As expected, we saw changes in step length and width variabilities across the two surfaces. On uneven terrain, runners showed 33% and 26% increases in step width and length variability, respectively (P<0.05). This is consistent with past research, which has shown that challenges to locomotor stability tend to produce more step variability during walking (Thies et al., 2005; Voloshina et al., 2013). Greater step variability during walking also seems related to active stabilizing adjustments for maintaining lateral balance (Bauby and Kuo, 2000; Donelan et al., 2001). In contrast, during running, humans tend to prefer narrow step widths close to the midline of the body (Cavanagh, 1987). This is because narrow step widths result in reduced lateral moments about the center of mass and tend to reduce energetic cost compared with larger step widths. Based on previous research (Arellano and Kram, 2011), reducing step width and step width variability during running leads to a reduction in energy expenditure. However, our subjects only showed a 27% increase in step width variability and no change in the mean step width. These changes are relatively small and nowhere near the magnitude necessary to produce a 5% increase in energy expenditure (Arellano and Kram, 2011). This suggests that the energetic increase caused by changes in step parameters was negligible.

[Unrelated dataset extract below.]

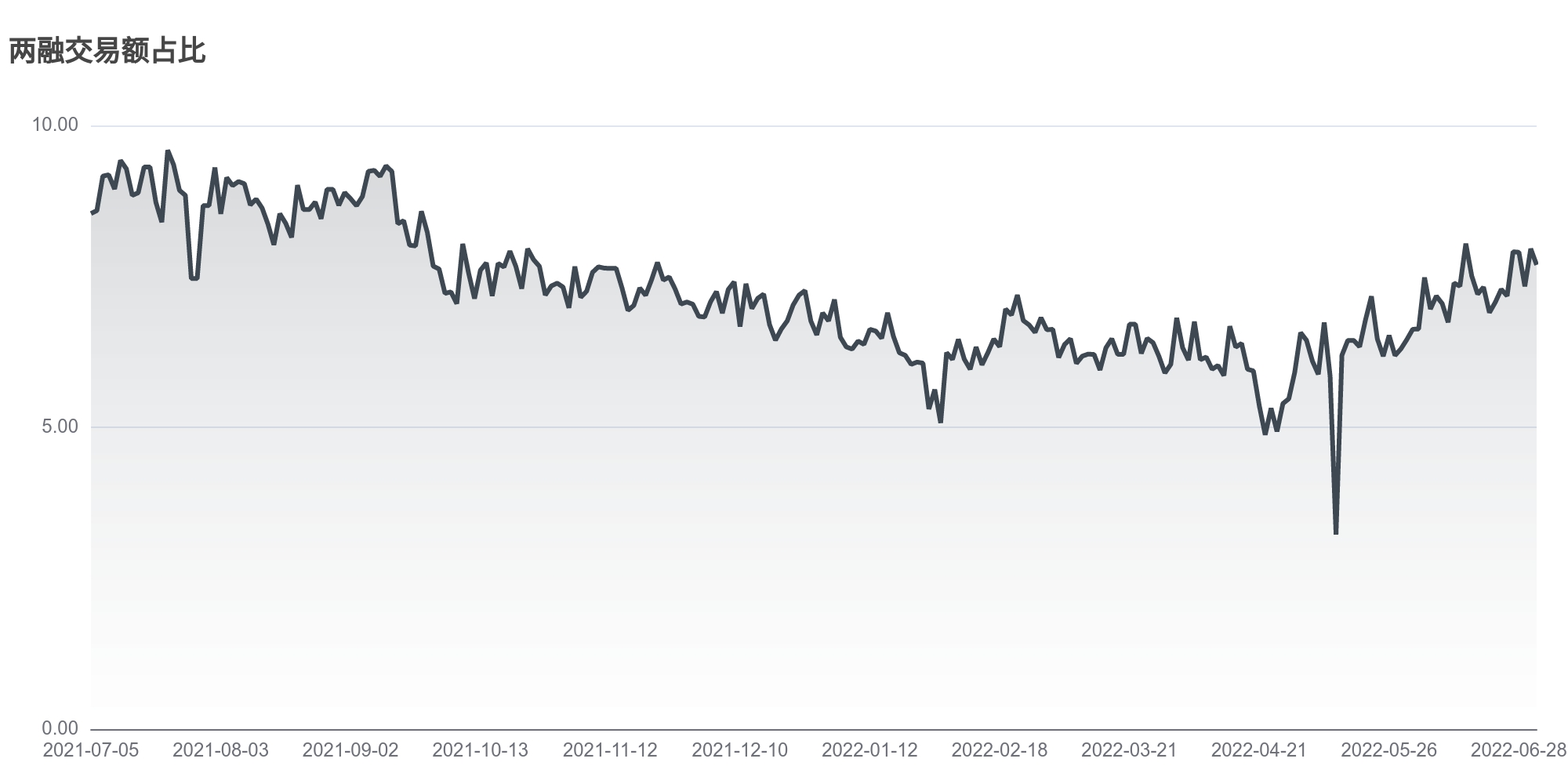 今日该指标值为7.69%,目前该指标处于近一年较高区间,认为当前A股市场相对较强。反映场内投资者借钱炒股的杠杆水平,该指标越高说明杠杆水平越高,即投资者认为当前市场较强,反之则说明投资者认为市场相对较弱,因而与上证指数存在较强的正相关性。

A significant finding of our study is that the absolute changes in energetic cost are independent of locomotor gait. Although percentage increases in energetic cost were significantly different (27% and 5% for walking and running, respectively) the absolute changes were relatively close (0.68 and 0.48 W kg−1 for walking and running, respectively). The similar absolute changes for walking and running suggest that the dominant factor responsible for increases in metabolic cost during locomotion on uneven surfaces may be related to surface height variability and the corresponding vertical motion of the center of mass. It would be interesting to examine a range of surface height variabilities and their effects on walking and running energetics. This could provide insight into whether walking and running have similar biomechanical mechanisms responsible for energetic cost differences.

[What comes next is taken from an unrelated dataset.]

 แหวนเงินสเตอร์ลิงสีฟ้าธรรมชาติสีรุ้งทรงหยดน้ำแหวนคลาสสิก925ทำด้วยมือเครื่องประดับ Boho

Another important finding of this study is that the lower limb joints that compensate for locomotion on uneven terrain are very different between walking and running. During walking, ankle joint dynamics remain invariable while the knee and hip joints compensate with greater positive work production (Voloshina et al., 2013). In contrast, running on uneven terrain only significantly affects work done at the ankle joint. The most likely explanation for this contrast in joint kinetic adaptations is the reliance on different biomechanical mechanisms for the two gaits. Running can be compared to a spring-mass system, with the lower limb functioning as if it were a single compression spring (Farley and Ferris, 1998; McMahon and Cheng, 1990). In contrast, walking has inverted pendulum dynamics with differentiation by joint that is unlike running (Alexander, 1992; Farley and Ferris, 1998; Kuo, 2001; McGeer, 1990). These differences in fundamental dynamics suggest that each gait has different benefits and drawbacks to joint-specific adaptations on uneven terrain.

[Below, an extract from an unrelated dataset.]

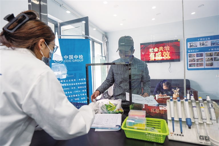 市民前來檢測站送檢驗(yàn)樣品。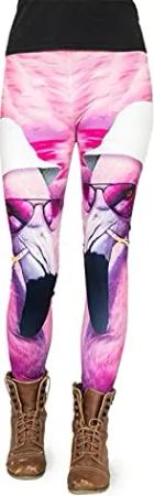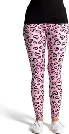 Bedruckte Bunte Leggins (Einheitsgröße) Verschiedene Leggings Designs, Flamingo Herzen, Einheitsgröße

The decrease in ankle work seen during running on uneven terrain compared with even ground is likely due to the high load sensitivity of the ankle joint. Muscles at the distal joints rely on high-gain proprioceptive feedback and are often the first to encounter perturbations due to uneven terrain (Daley and Biewener, 2006). In contrast, the more proximal knee and hip joints are largely feed-forward controlled. This control strategy improves running stability by maintaining consistent limb cycling but has a more pronounced effect on the distal joints (Daley et al., 2007). In addition, we saw a small reduction in the ankle range of motion, which could have also led to a reduction in joint work. This reduction in ankle motion likely stabilized the joint in response to the unpredictable running surface. However, it could also have led to a reduction in energy storage and return in the Achilles tendon, leading to reduced work at the ankle joint. Recently, a number of research groups have demonstrated that ultrasound imaging can track both muscle fiber and tendon displacements during human running. Future experiments using ultrasound imagining could provide greater insight into the muscle–tendon mechanics on uneven terrain.
In conjunction with our hypotheses, subjects exhibited greater leg stiffness when running on uneven terrain compared with even terrain. There were changes in muscle co-activation but they were small in magnitude and were likely not the major drivers of leg stiffness adjustments across the surfaces. Vertical ground reaction force profiles were also largely unchanged, with only the impact peak magnitude increasing by 17%. This increase suggests that subjects landed with a higher contact force, likely due to flatter feet at ground contact. However, the main cause of increased leg stiffness is the change in lower limb posture. When running on uneven terrain, subjects contacted the ground at heel-strike with a shorter leg length, and had a longer leg length during mid-stance and a shorter leg length at toe-off. This change in posture, and in turn in leg stiffness, can be the result of several factors. Previous research on upper limb movements has shown that humans tend to stiffen their joints when presented with unfamiliar tasks, likely in anticipation of potential perturbations. Similarly, Blum and colleagues (Blum et al., 2011) have shown that a more crouched leg posture during avian running may be an adaptation mechanism, as it allows for lengthening and shortening of the limb. As a result, the more crouched running posture and overall larger leg stiffness on uneven terrain is likely an adaptation response to an unfamiliar environment. In future studies, it may be interesting to look into the changes in leg stiffness throughout training periods, where subjects are allowed to become familiar with the surface over longer periods of time.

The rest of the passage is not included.